• ABOUT THIS TASK: Below are records with pictures; copy word for word only the lines between the line with "Figure 4 shows" and the line with "Nadal jednak można", inclusive, and drop the pictures.

• MATERIAL FOR THE TASK:
━━━━━━

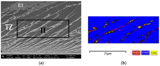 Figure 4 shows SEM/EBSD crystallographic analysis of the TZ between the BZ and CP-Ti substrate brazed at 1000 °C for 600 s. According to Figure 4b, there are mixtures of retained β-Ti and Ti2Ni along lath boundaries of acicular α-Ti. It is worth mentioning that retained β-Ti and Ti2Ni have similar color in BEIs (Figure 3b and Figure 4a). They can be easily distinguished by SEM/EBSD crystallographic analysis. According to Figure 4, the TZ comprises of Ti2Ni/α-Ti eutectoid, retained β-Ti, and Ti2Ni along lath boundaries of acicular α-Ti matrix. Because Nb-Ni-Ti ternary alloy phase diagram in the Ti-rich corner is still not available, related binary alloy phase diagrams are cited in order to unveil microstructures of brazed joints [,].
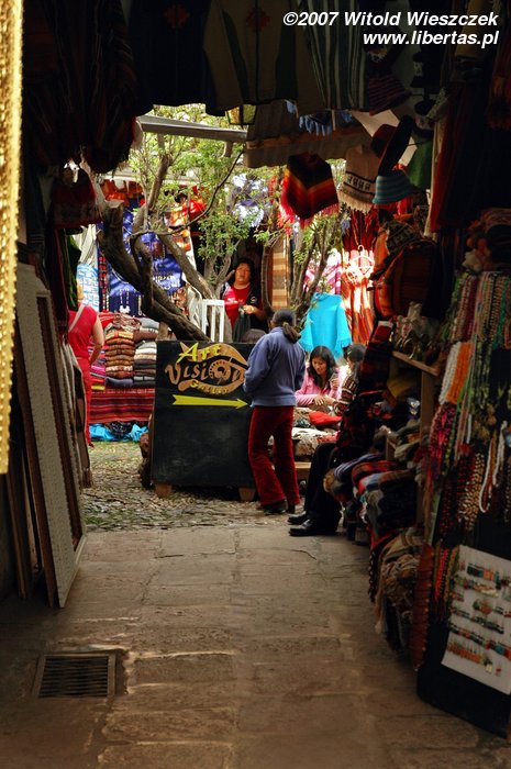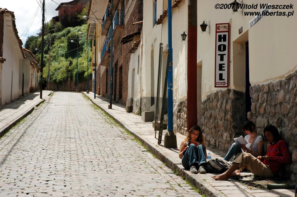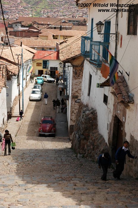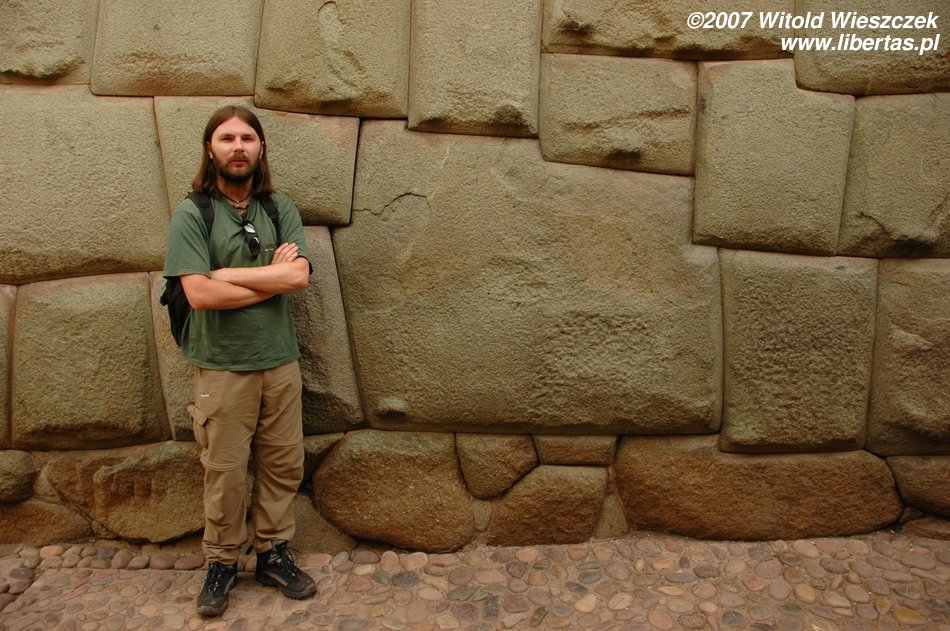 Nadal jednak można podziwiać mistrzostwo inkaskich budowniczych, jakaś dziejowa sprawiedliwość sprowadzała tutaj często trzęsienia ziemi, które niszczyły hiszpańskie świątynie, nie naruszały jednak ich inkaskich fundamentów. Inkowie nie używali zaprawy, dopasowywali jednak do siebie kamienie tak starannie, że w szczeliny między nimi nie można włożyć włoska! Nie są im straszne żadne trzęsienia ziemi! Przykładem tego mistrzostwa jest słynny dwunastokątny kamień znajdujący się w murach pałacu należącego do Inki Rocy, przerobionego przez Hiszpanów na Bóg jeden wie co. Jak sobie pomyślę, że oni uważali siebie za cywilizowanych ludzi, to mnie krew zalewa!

━━━━━━

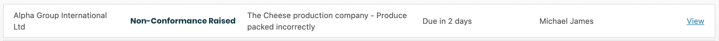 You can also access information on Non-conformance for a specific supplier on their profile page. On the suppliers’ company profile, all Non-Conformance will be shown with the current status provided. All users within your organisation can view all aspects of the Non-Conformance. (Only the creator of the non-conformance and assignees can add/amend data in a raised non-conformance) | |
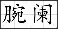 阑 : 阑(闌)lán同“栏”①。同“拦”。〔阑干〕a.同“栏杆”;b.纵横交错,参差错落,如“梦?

━━━━━━

• ANSWER TO THIS PROBLEM:
 Figure 4 shows SEM/EBSD crystallographic analysis of the TZ between the BZ and CP-Ti substrate brazed at 1000 °C for 600 s. According to Figure 4b, there are mixtures of retained β-Ti and Ti2Ni along lath boundaries of acicular α-Ti. It is worth mentioning that retained β-Ti and Ti2Ni have similar color in BEIs (Figure 3b and Figure 4a). They can be easily distinguished by SEM/EBSD crystallographic analysis. According to Figure 4, the TZ comprises of Ti2Ni/α-Ti eutectoid, retained β-Ti, and Ti2Ni along lath boundaries of acicular α-Ti matrix. Because Nb-Ni-Ti ternary alloy phase diagram in the Ti-rich corner is still not available, related binary alloy phase diagrams are cited in order to unveil microstructures of brazed joints [,].
 Nadal jednak można podziwiać mistrzostwo inkaskich budowniczych, jakaś dziejowa sprawiedliwość sprowadzała tutaj często trzęsienia ziemi, które niszczyły hiszpańskie świątynie, nie naruszały jednak ich inkaskich fundamentów. Inkowie nie używali zaprawy, dopasowywali jednak do siebie kamienie tak starannie, że w szczeliny między nimi nie można włożyć włoska! Nie są im straszne żadne trzęsienia ziemi! Przykładem tego mistrzostwa jest słynny dwunastokątny kamień znajdujący się w murach pałacu należącego do Inki Rocy, przerobionego przez Hiszpanów na Bóg jeden wie co. Jak sobie pomyślę, że oni uważali siebie za cywilizowanych ludzi, to mnie krew zalewa!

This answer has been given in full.